GOAL OF THE EXERCISE:
Transcribe the records verbatim, images excluded.
========
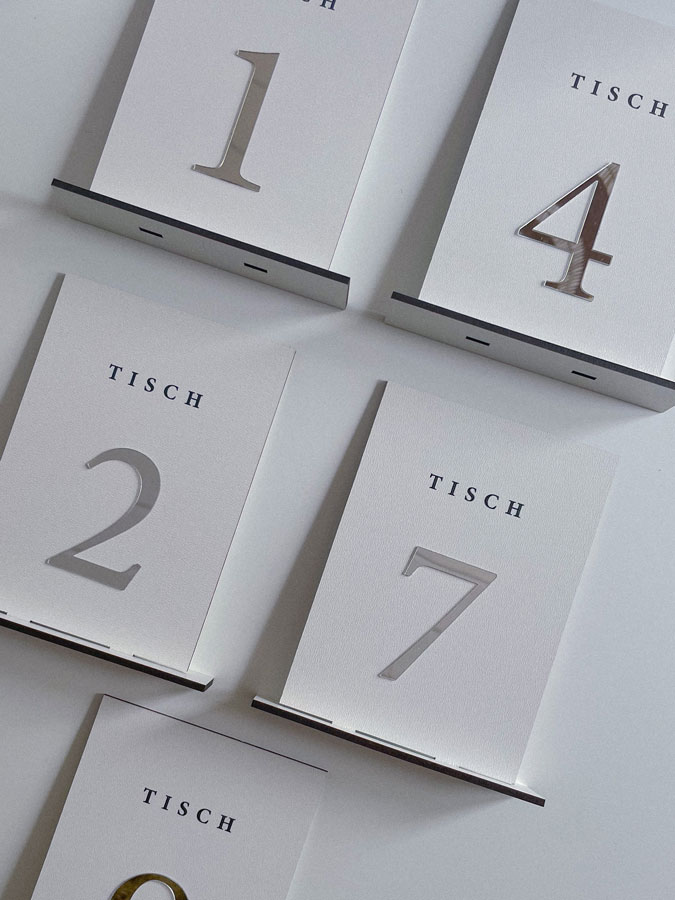 Schlichte und elegante Tischnummer aus Holz, weiß lackiert mit einer silbernen Zahl. Ideal für Hochzeiten, Geburtstage oder andere festliche Anlässe. Das zeitlose Design fügt sich harmonisch in jede Tischdekoration ein.
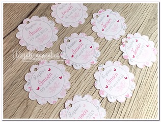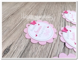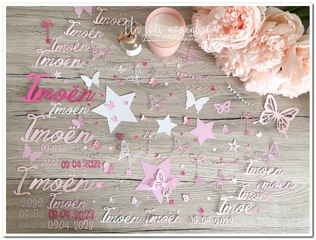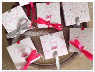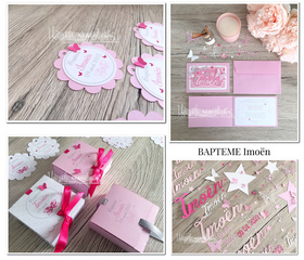 blanc, rose, gris argent, étoiles, nuages, papillons, Baptême de Imoën, fuchsia, fuchia, fushia, fuschia, fanions, guirlande, étoile suspendue, faire-part, baptême, faire-part de baptême, invitation baptême
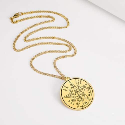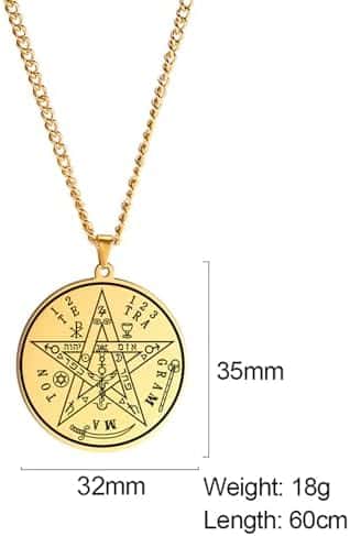 L’amulette présentée ici est également appelée pentagramme, l’un des symboles occultes les plus anciens. Elle est connue sous le nom de Te-Tra-Gram-Am-Ton, une appellation qui représente la véritable dénomination de Dieu.
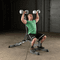 Perform bench presses, shoulder presses, ab crunches, triceps kickbacks, dips, seated biceps curls, and more easily and effectively.
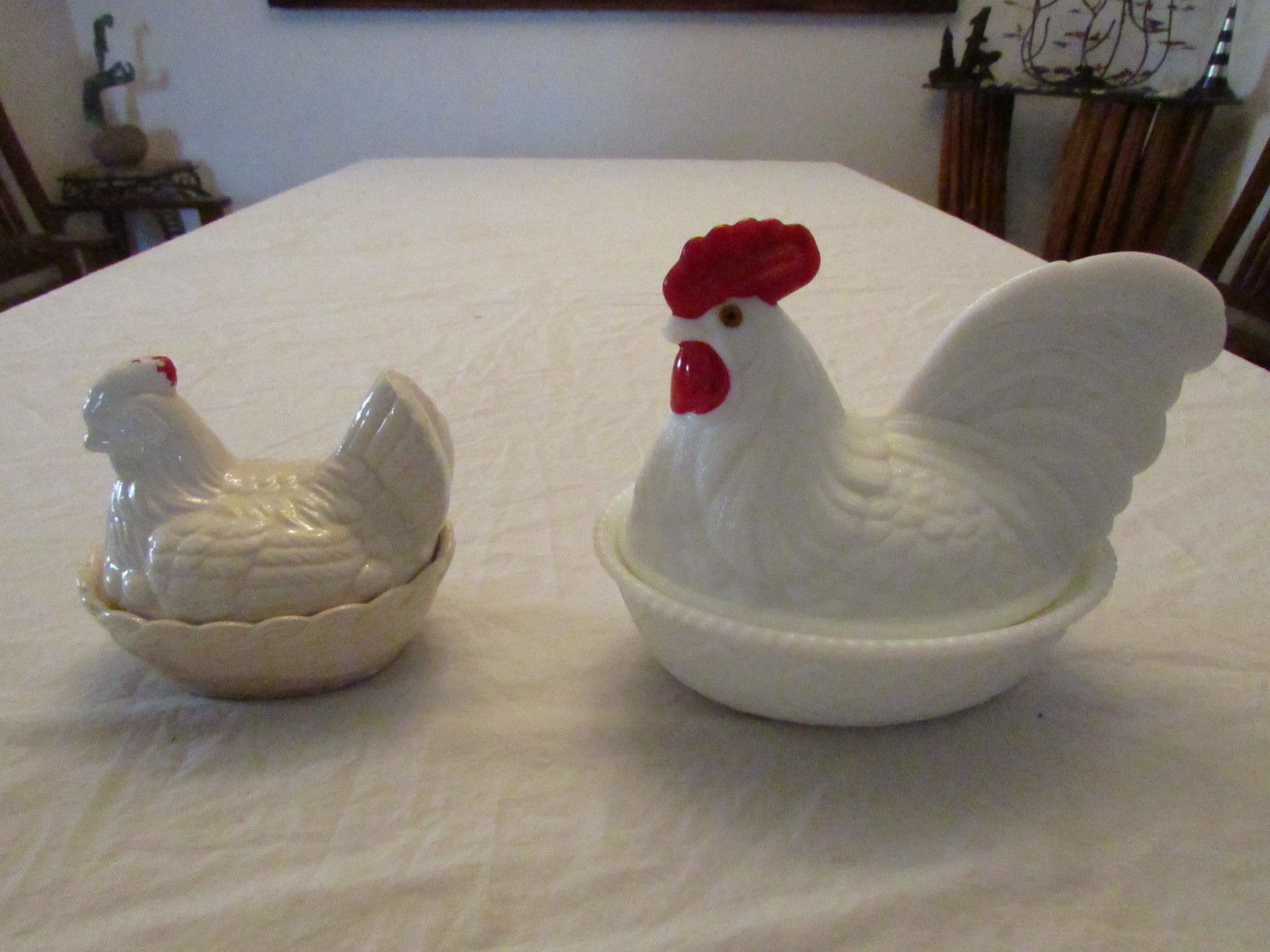 Title (ebay affiliate link): VINTAGE MILK GLASS ROOSTER/CHICKEN GRAVY BOWL + SMALLER PIECE
========
RESULT FOR THIS EXERCISE:
 Schlichte und elegante Tischnummer aus Holz, weiß lackiert mit einer silbernen Zahl. Ideal für Hochzeiten, Geburtstage oder andere festliche Anlässe. Das zeitlose Design fügt sich harmonisch in jede Tischdekoration ein.
 blanc, rose, gris argent, étoiles, nuages, papillons, Baptême de Imoën, fuchsia, fuchia, fushia, fuschia, fanions, guirlande, étoile suspendue, faire-part, baptême, faire-part de baptême, invitation baptême
 L’amulette présentée ici est également appelée pentagramme, l’un des symboles occultes les plus anciens. Elle est connue sous le nom de Te-Tra-Gram-Am-Ton, une appellation qui représente la véritable dénomination de Dieu.
 Perform bench presses, shoulder presses, ab crunches, triceps kickbacks, dips, seated biceps curls, and more easily and effectively.
 Title (ebay affiliate link): VINTAGE MILK GLASS ROOSTER/CHICKEN GRAVY BOWL + SMALLER PIECE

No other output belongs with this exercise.